Leaves are used to feed different herbivorous animals as these are highly nutritious and palatable (Sánchez-Salcedo et al., 2017). Mulberry leaves are rich source of vitamin supplements, so can be mixed in the poultry diets to improve egg production (Tuigong et al., 2015). These are also used in preparation of different unique spices as well as in various Indian recipes (Srivastava et al., 2006). In Korea, mulberry leaves powder is also used as an ingredient in ice-cream (Polumackanycz et al., 2021). Production of jam, jelly, marmalade, paste, ice cream, frozen desserts, pulp, juice and wine are the important purposes for cultivation of the mulberry plants worldwide (Keskin et al., 2022; Salih et al., 2022). Furthermore, mulberry plants have become an integral part of the landscaping in different countries (Rohela et al., 2020).
Medicinal uses
Mulberry plants have a rich history in medicinal uses as most of its parts are still being used in various medications (Kadam et al., 2019). M. alba is used in the indigenous system of medicine to treat diseases like cough, asthma, insomnia, edema, bronchitis, diabetes, wound healing, eye infections, influenza and nosebleeds. It increases humoral immunity and as well as cell mediated immunity (Bharani et al., 2010; Lee et al., 2011). Its leaves have some potential clinical application and contain important bioactive constituents (Li et al., 2021; Aurade et al., 2023). M. nigra exhibited diverse array of pharmacological and biological effects including protective activities on different human organs and organ systems against oxidative damage (Lim and Choi, 2019). It is used for the treatment of different infections such as inflammatory disorders. It has also been used in various folk medicines due to diuretic, analgesic, anxiolytic, sedative and hypotensive properties (Kumar and Sing, 2020; Wei and Hsieh, 2023).
Mulberry leaves are used extensively and have the potential to perform different physiological functions including anti-hyperlipidemic, anti-inflammatory and antiviral; decreasing blood glucose, blood pressure and cholesterol; keeping excretory and digestive system healthy; resisting and preventing cancer as well as improve overall immune abilities (Ge et al., 2018; Jan et al., 2021; Ma et al., 2022). Other important medicinal properties of mulberry leaves include anti-obesity (Chang et al., 2016; Kim et al., 2017), neuroprotective (Sharma et al., 2020), antioxidant (Zhang et al., 2018; Ma et al., 2022), antimicrobial (Maqsood et al., 2022) and anti-hyperglycemic properties (Zhang et al., 2022). Mulberry leaves show anti-hyperglycemic effects as a single dose of these can suppress the high levels of glucose in body (Chan et al., 2016; Sheng et al., 2017). On the other hand, long term treatment with these leaves has potentials to normalize the insulin indexes of diabetic animals as well as glycated haemoglobin, fasting plasma glucose and fructosamine levels (Wilson and Islam, 2015; Thaipitakwong et al., 2018).

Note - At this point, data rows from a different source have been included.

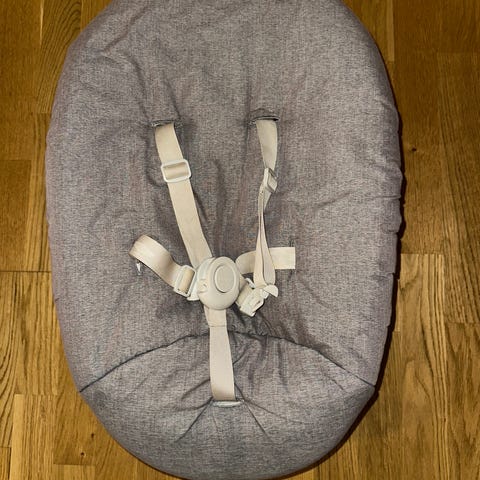 Stokke Nomi babyindsats med gråt betræk og sikkerhedsseler.
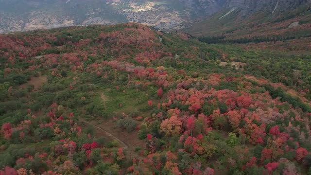 Aerial view flying over trees on hillside showing colorful trees with road winding through the forest.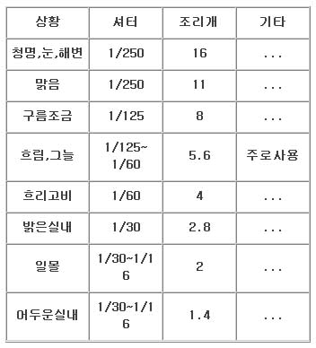물론 여름 철의 한 낮은 Sunny 16이라하여 (필림 스피드는 100기준) 샷타 스피드는 125, 조리계는 16 이라는 일반적인 기준이 있는데, 조금더 세밀한, 여러 상항에 따른 노출 기준이 있을 것도 같은데...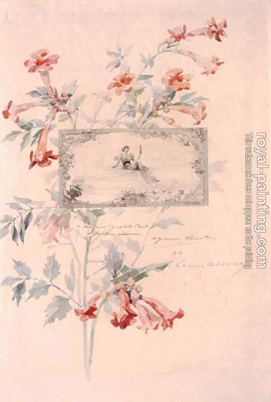* Hand-painted Louise Abbema Oil Painting Reproduction : Composition florale autour d'une gravure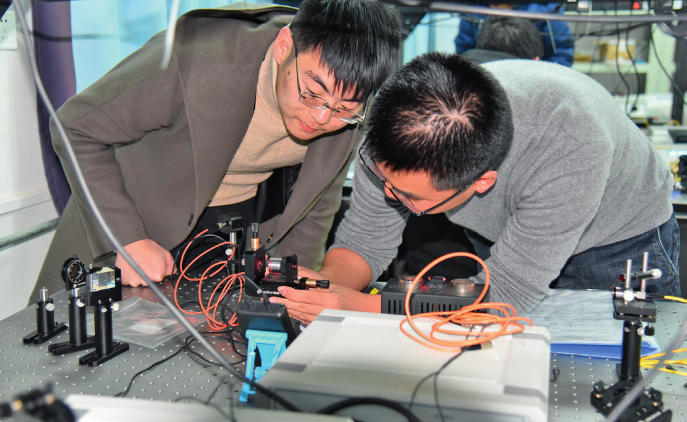 中科大少年班学院学生正在进行光纤传感显微测量实验(2024 年3月19日摄) 中科大物理实验教学中心供图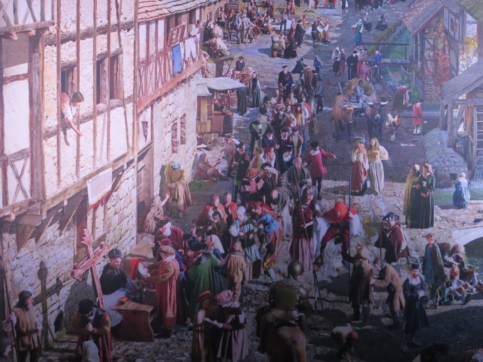 Im Torraum 3 steht auch das 360 Grad Panorama, das Wittenberg im Jahr 1517 darstellt. Hier sieht man wie Tetzel Ablassbriefe verkauft.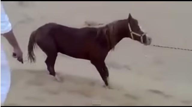 اظهر شريط مصور على الانترنت، 3 اشخاص يعدمون حصانا رميا بالرصاص في مكان صحراوي مجهول.

Mulberry leaves extracts have the ability to modify the expressions of specific genes in hepatic cells with their proteins that are responsible for glucose homeostasis (Liu et al., 2016). Mulberry extracts have also the ability to promote activities of different enzymes such as, phosphofructokinase, pyruvate kinase and glycolysis enzymes (glucokinase) depending upon their dose (Rodrigues et al., 2019). Furthermore, these extracts have the ability to activate signaling pathways of glycogen synthase kinase-3β and phosphatidylinositol-3-kinase as well as to elevate the transposing of glucose transporter-4 in adipose tissues and skeletal muscles (Kim et al., 2011; Liu et al., 2015).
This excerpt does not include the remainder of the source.